We just completed an acquisition. Two incompatible cores, and our board wants a unified data view within 90 days. Is that realistic?

Yes - and it's one of DataOS's core use cases. DataOS creates a governed semantic layer across both organizations without waiting for core consolidation to complete. You get unified definitions, a single source of truth for key metrics, and cross-entity reporting from data that already exists — no rip-and-replace project required. Business value from day one post-close, not month twelve.

We spend 70–80% of our data engineering budget on maintenance. How does DataOS change that ratio?

Most of that maintenance budget is being spent rebuilding the same pipelines, serving the same reports to the same teams, repeatedly. DataOS packages that work into reusable data products — built once, versioned, governed, and consumed across analytics, applications, and AI. Your engineers stop reinventing the wheel and start building net-new capability. The shift from maintenance to innovation is measurable within the first quarter.

We're heavily invested in Snowflake. Does DataOS replace it?

No — it extends it. Snowflake is high-performance storage and compute. DataOS adds semantics, governance, data product management, and activation across Snowflake and your other systems. You keep your Snowflake investment; DataOS makes it deliver more by adding the governed semantic layer that turns raw Snowflake tables into trusted, reusable data products your business and AI tools can actually consume.

Can our business analysts access data without filing an engineering ticket?

That's one of the measurable outcomes. DataOS powers a self-service layer where governed data products are discoverable and accessible to business users directly — with access controls, quality guarantees, and consistent definitions enforced automatically. Risk, finance, and compliance teams can answer questions up to 80% faster without routing through engineering.

How do we quantify the ROI of a data platform investment to our board?

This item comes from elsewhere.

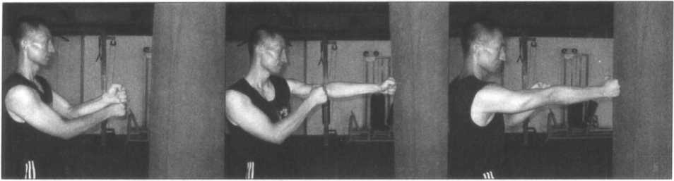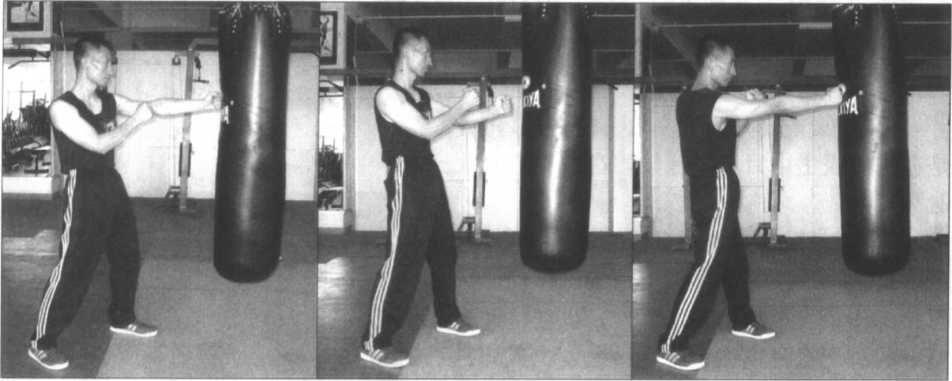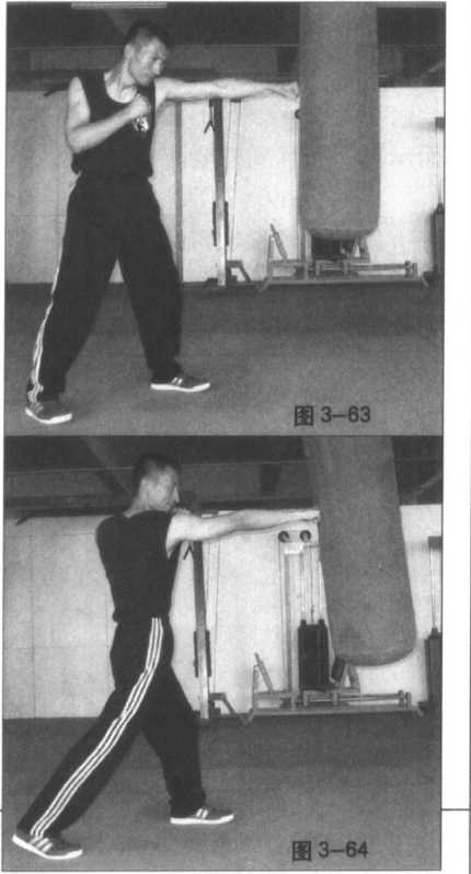 图 3-60 图 3-61 图 3-62图 3-60 图 3-61 图 3-62(图3-63、64)为以普通拳法击打沙 包时的示范,这种打法虽不符合寸劲拳的 技术要求,但对增强拳面硬度及发展纵深 性攻击力是极为有用的,所以可作为附加 的训练内容进行训练。
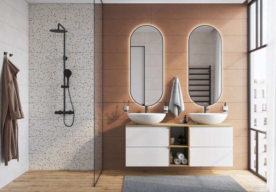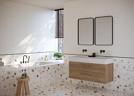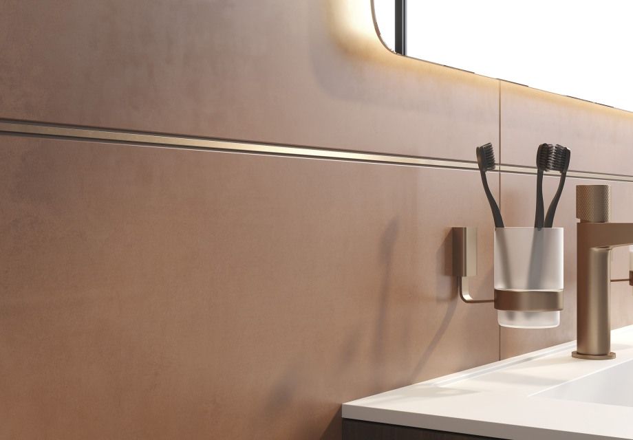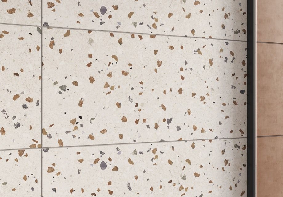 Традиционные цвета керамики в современном прочтении представлены в коллекции настенной плитки FRAGMENTI формата 25х75. В её основу лёг тренд международной керамической выставки — терракотовый оттенок, цвет обожжённой глины. Дизайнеры нанесли его на не менее актуальную текстуру бетона, которая прослеживается и у бежевой базы. Матовые эффекты создают красивое сияние при игре света на поверхности. Декоративную роль выполняет фоновая плитка с рисунком терраццо. Концепцию завершают золотисто-медный бордюр и керамогранит «под дерево» на пол.

Three categories of value that map cleanly to board priorities: Compliance cost reduction — automation of audit prep, PII tagging, and lineage reconstruction saves engineering weeks and reduces examiner finding risk. AI acceleration — 80% faster new use case development means the AI investments already funded start delivering returns sooner. Revenue enablement — risk and compliance teams answering questions faster, RMs freed from manual data reconciliation, faster SMB identification from existing member data. The specific numbers depend on your starting point. The discovery call is designed to build a baseline together.

What if our technical team is small and we don't have a dedicated CDO?

That's the norm at mid-size institutions — the CIO absorbs the full data mandate with a team of 5–15. DataOS is designed for that reality. The goal is to give a lean team platform-level governance and activation capabilities without platform-level staffing requirements. You manage strategy; the platform handles the operational complexity.